**Records for this task**
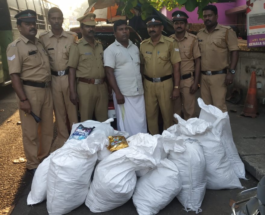 അമരവിള ചെക്ക് പോസ്റ്റിൽ വൻതോതിൽ നിരോധിത പുകയില ഉത്പന്നങ്ങളുമായി പിടിയിൽ.
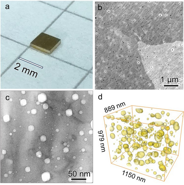 图1. 纳米孔弥散强化金(NVD Au):(a)样品实物图;(b)典型扫描电镜照片;(c)透射电镜照片;(d)三维重构图显示纳米孔的空间分布。
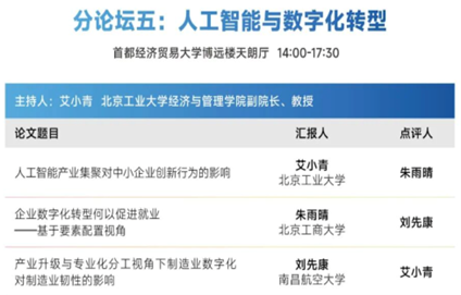 12月14日,年会转到首都经济贸易大学继续举行,重点围绕数字经济前沿研究成果展开交流。在主旨报告环节,中国科公司数学与系统科学研究院研究员汪寿阳、厦门大学副董事长方颖、南方科技大学商公司副经理李仲飞、清华大学社会科学公司教授汤珂等嘉宾,分别围绕AI时代的经济学理论构建、人工智能+、量化投资、机器学习、数字政府及开源生态等主题分享了最新研究成果。公司数字经济研究院李波副教授、程悦副教授及其硕士研究生朱雨晴合作完成的论文《企业数字化转型何以促进就业——基于数据要素化视角》入选会议研讨。该研究基于数据要素优化配置的理论框架,系统阐释了企业数字化转型的双重就业效应,发现数字化转型通过数据增信缓解信贷约束,平抑短期就业波动,并通过数据赋能提升要素配置效率,推动就业结构升级。
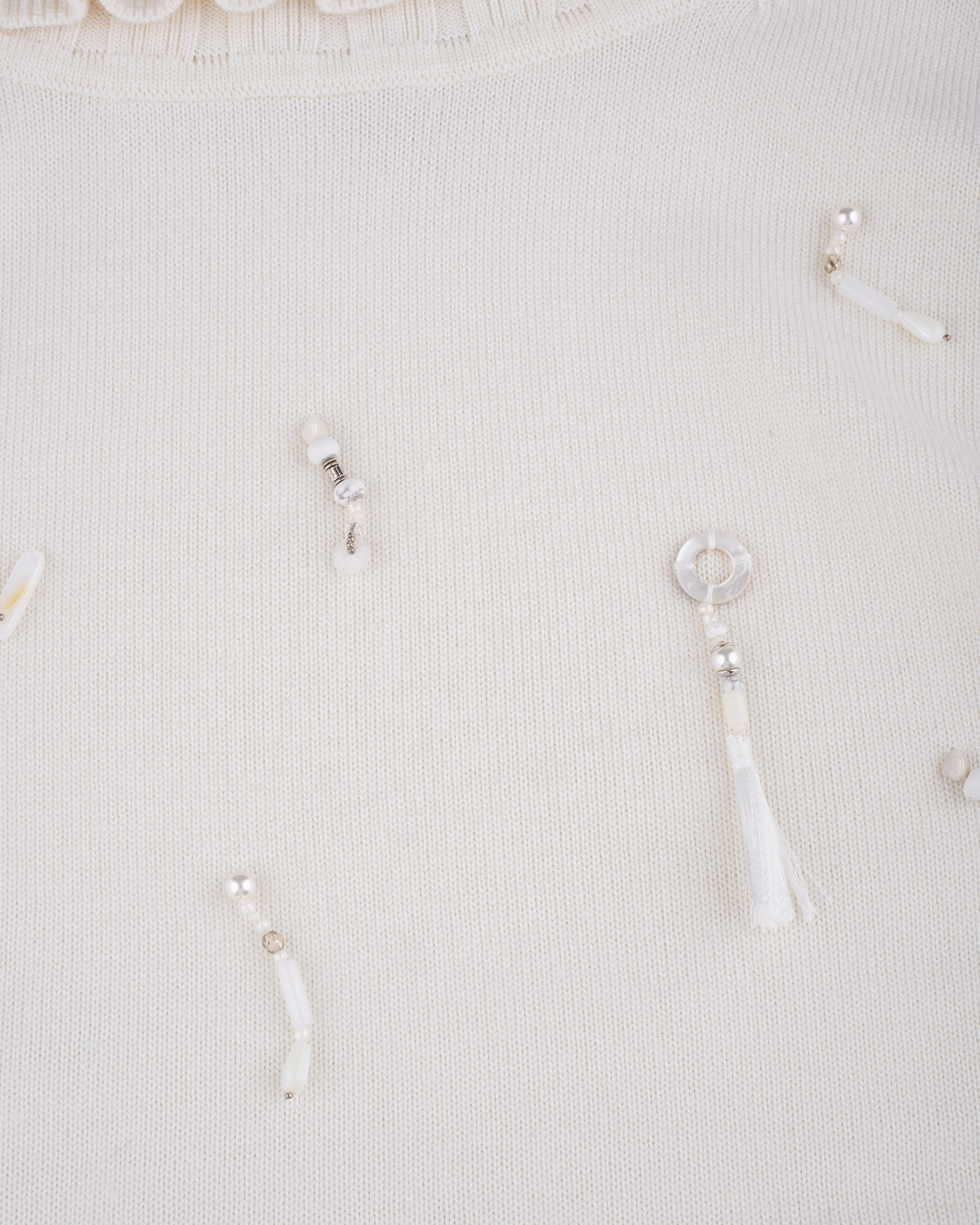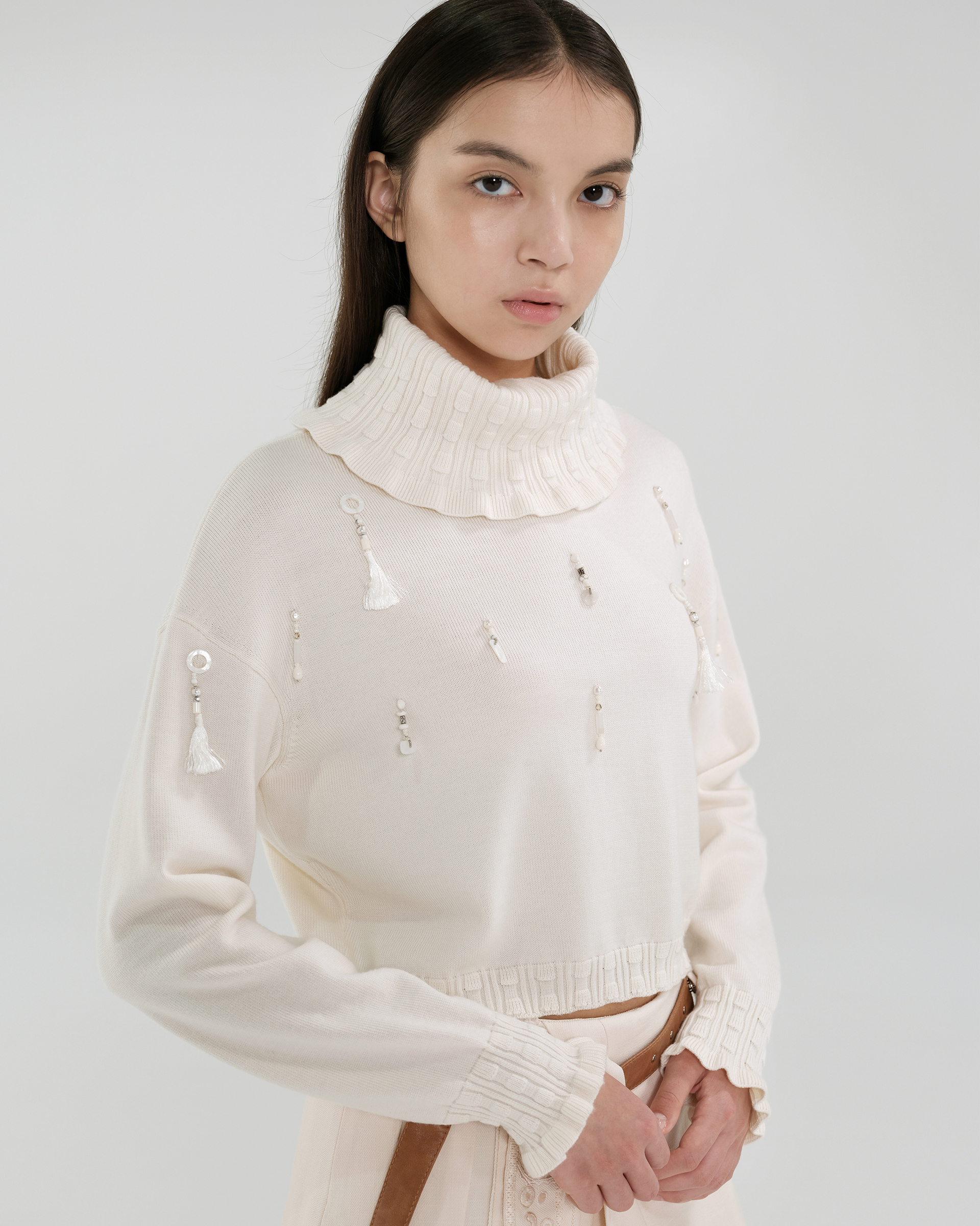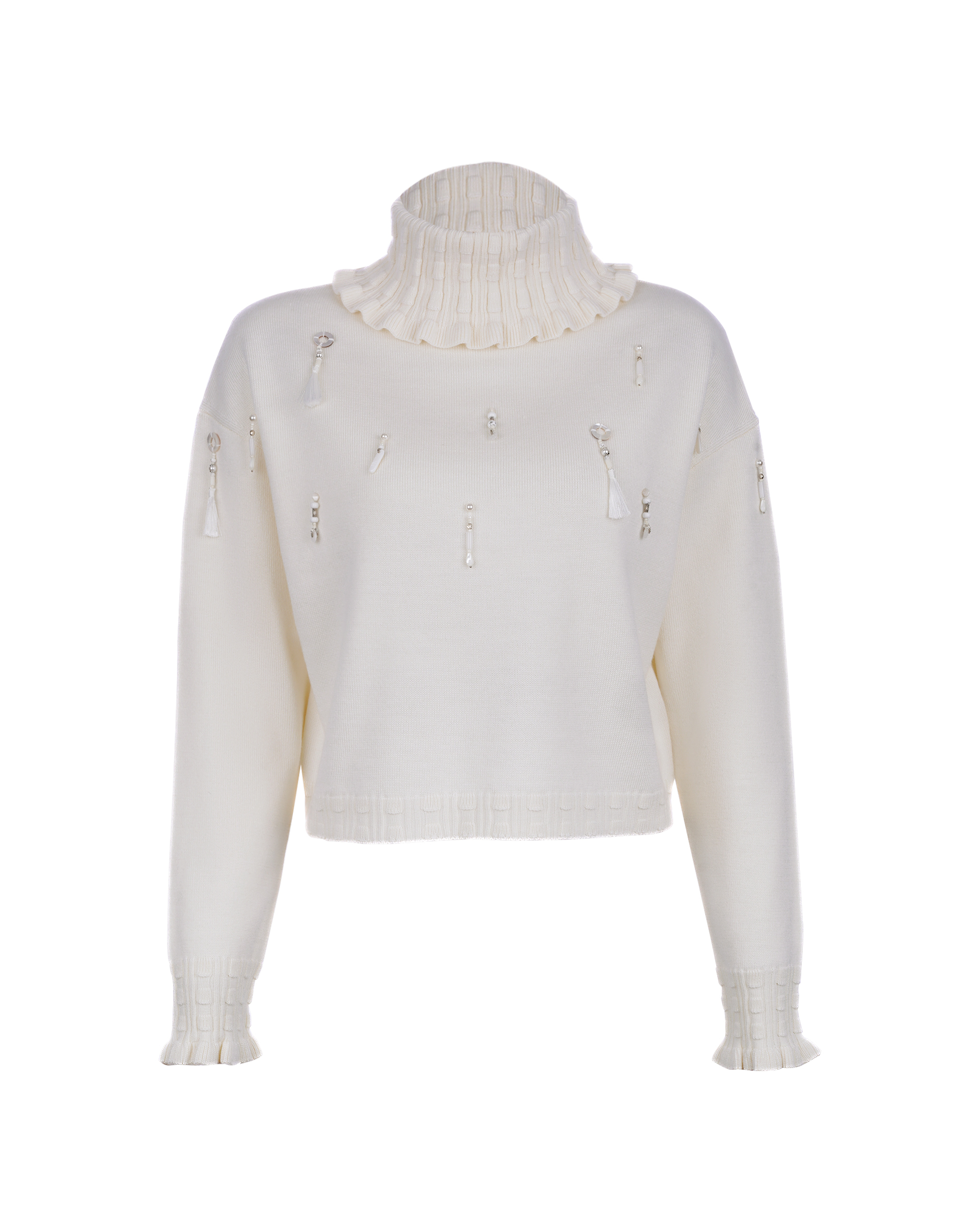 Far and Near Collection High-Neck Beaded Fringe Sweater
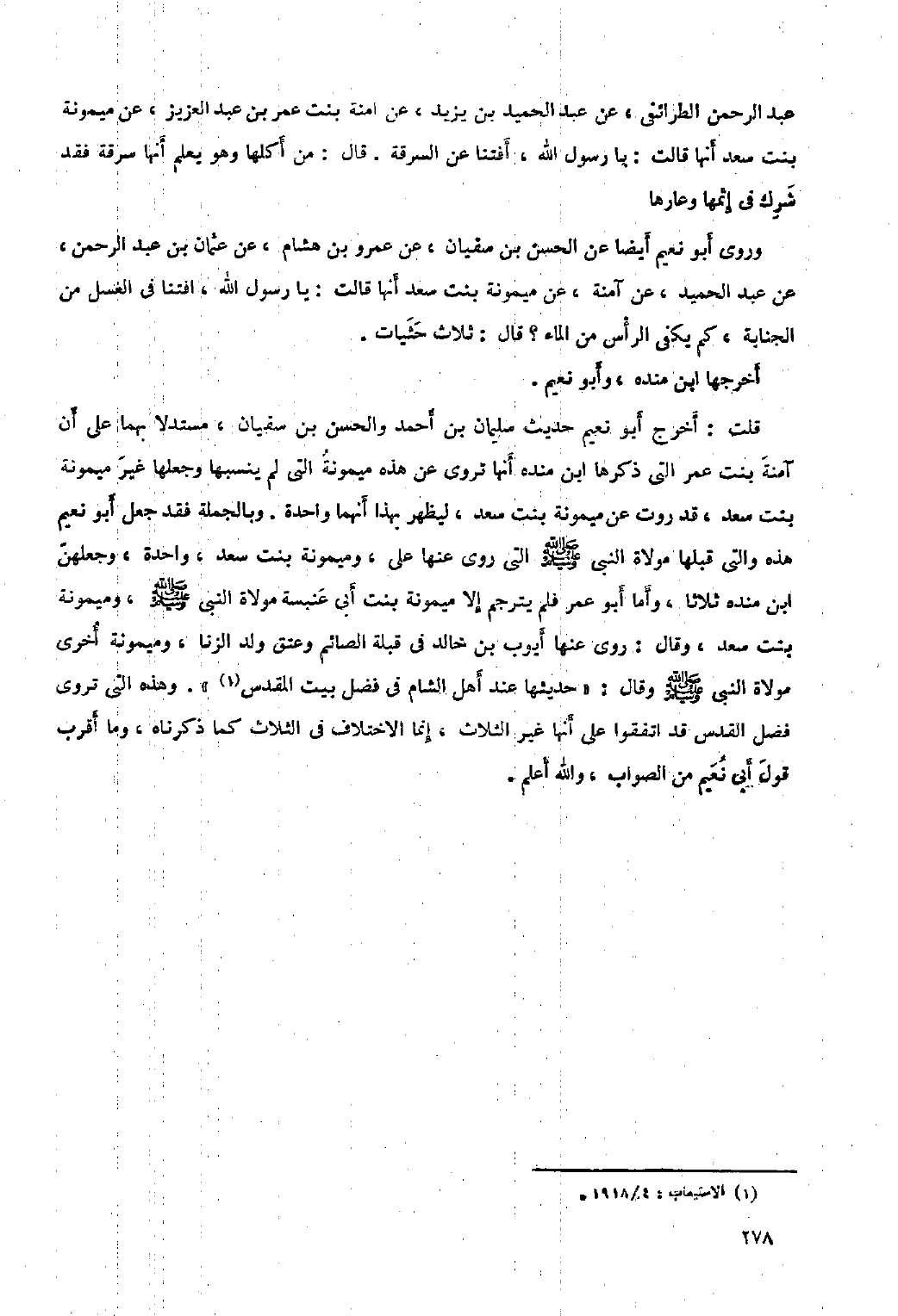 قلت: أخرج أبو نعيم حديث سليمان بن أحمد والحسن بن سفيان، مستدلا بهما على أن آمنة بنت عمر التي ذكرها ابن منده أنها تروي عن هذه ميمونة التي لم ينسبها وجعلها غير ميمونة بنت سعد، قد روت عن ميمونة بنت سعد، ليظهر بهذا أنهما واحدة. وبالجملة فقد جعل أبو نعيم هذه والتي قبلها مولاة النبي صلى الله عليه وسلم التي روى عنها علي، وميمونة بنت سعد، واحدة، وجعلهن ابن منده ثلاثا، وأما أبو عمر فلم يترجم إلا ميمونة بنت أبي عنبسة مولاة النبي صلى الله عليه وسلم، وميمونة بنت سعد، وقال: روى عنها أيوب بن خالد في قبلة الصائم وعتق ولد الزنا، وميمونة أخرى مولاة النبي صلى الله عليه وسلم وقال: «حديثها عند أهل الشام في فضل بيت المقدس [١] » . وهذه التي تروي فضل القدس قد اتفقوا على أنها غير الثلاث، إنما الاختلاف في الثلاث كما ذكرناه، وما أقرب قول أبي نعيم من الصواب، والله أعلم.
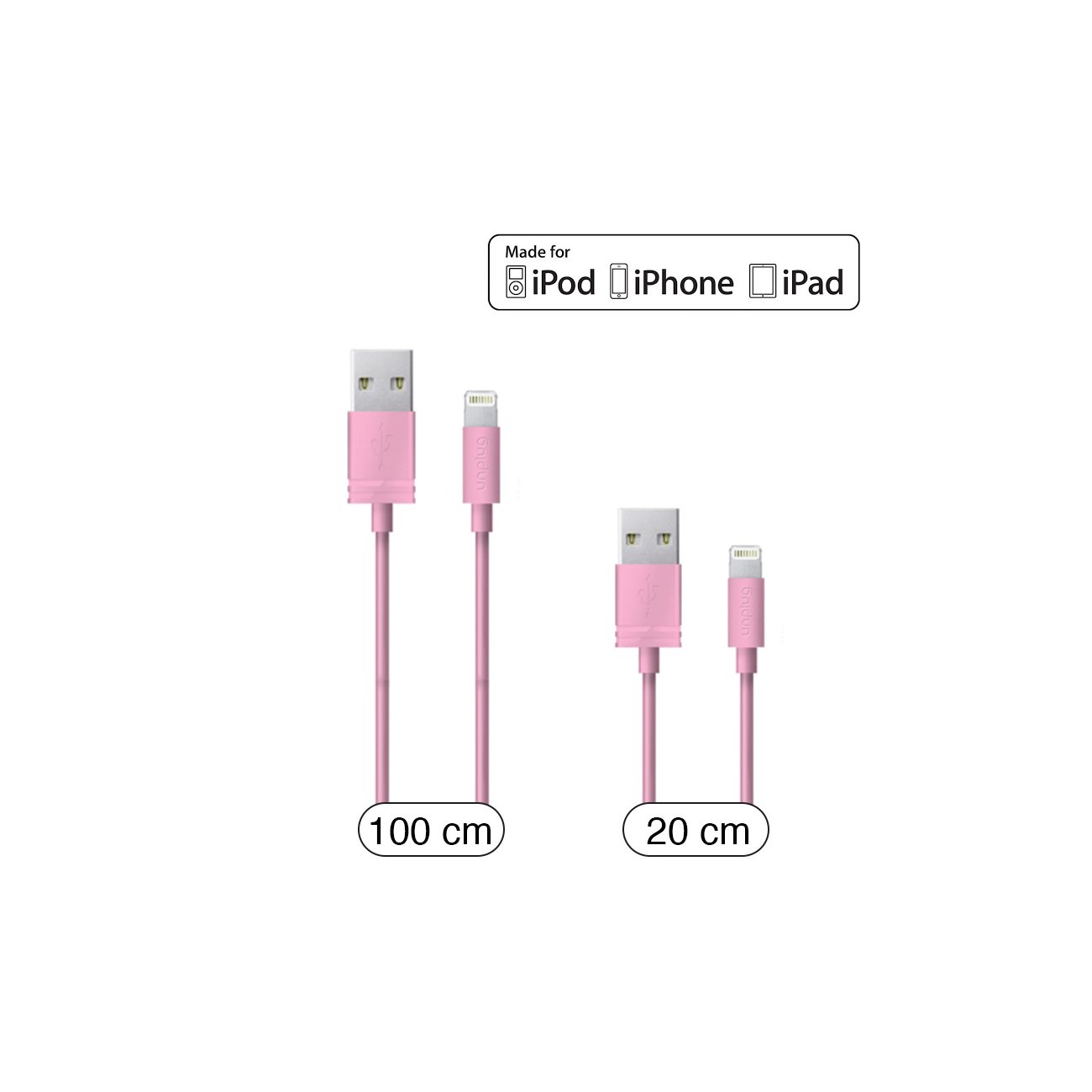 Unplug cable lightning mfi rose 1m et 0.2m

**What to do**
Pictures do not go in the copy; print every entry exactly as it stands.

**Result for this task**
 അമരവിള ചെക്ക് പോസ്റ്റിൽ വൻതോതിൽ നിരോധിത പുകയില ഉത്പന്നങ്ങളുമായി പിടിയിൽ.
 图1. 纳米孔弥散强化金(NVD Au):(a)样品实物图;(b)典型扫描电镜照片;(c)透射电镜照片;(d)三维重构图显示纳米孔的空间分布。
 12月14日,年会转到首都经济贸易大学继续举行,重点围绕数字经济前沿研究成果展开交流。在主旨报告环节,中国科公司数学与系统科学研究院研究员汪寿阳、厦门大学副董事长方颖、南方科技大学商公司副经理李仲飞、清华大学社会科学公司教授汤珂等嘉宾,分别围绕AI时代的经济学理论构建、人工智能+、量化投资、机器学习、数字政府及开源生态等主题分享了最新研究成果。公司数字经济研究院李波副教授、程悦副教授及其硕士研究生朱雨晴合作完成的论文《企业数字化转型何以促进就业——基于数据要素化视角》入选会议研讨。该研究基于数据要素优化配置的理论框架,系统阐释了企业数字化转型的双重就业效应,发现数字化转型通过数据增信缓解信贷约束,平抑短期就业波动,并通过数据赋能提升要素配置效率,推动就业结构升级。
 Far and Near Collection High-Neck Beaded Fringe Sweater
 قلت: أخرج أبو نعيم حديث سليمان بن أحمد والحسن بن سفيان، مستدلا بهما على أن آمنة بنت عمر التي ذكرها ابن منده أنها تروي عن هذه ميمونة التي لم ينسبها وجعلها غير ميمونة بنت سعد، قد روت عن ميمونة بنت سعد، ليظهر بهذا أنهما واحدة. وبالجملة فقد جعل أبو نعيم هذه والتي قبلها مولاة النبي صلى الله عليه وسلم التي روى عنها علي، وميمونة بنت سعد، واحدة، وجعلهن ابن منده ثلاثا، وأما أبو عمر فلم يترجم إلا ميمونة بنت أبي عنبسة مولاة النبي صلى الله عليه وسلم، وميمونة بنت سعد، وقال: روى عنها أيوب بن خالد في قبلة الصائم وعتق ولد الزنا، وميمونة أخرى مولاة النبي صلى الله عليه وسلم وقال: «حديثها عند أهل الشام في فضل بيت المقدس [١] » . وهذه التي تروي فضل القدس قد اتفقوا على أنها غير الثلاث، إنما الاختلاف في الثلاث كما ذكرناه، وما أقرب قول أبي نعيم من الصواب، والله أعلم.
 Unplug cable lightning mfi rose 1m et 0.2m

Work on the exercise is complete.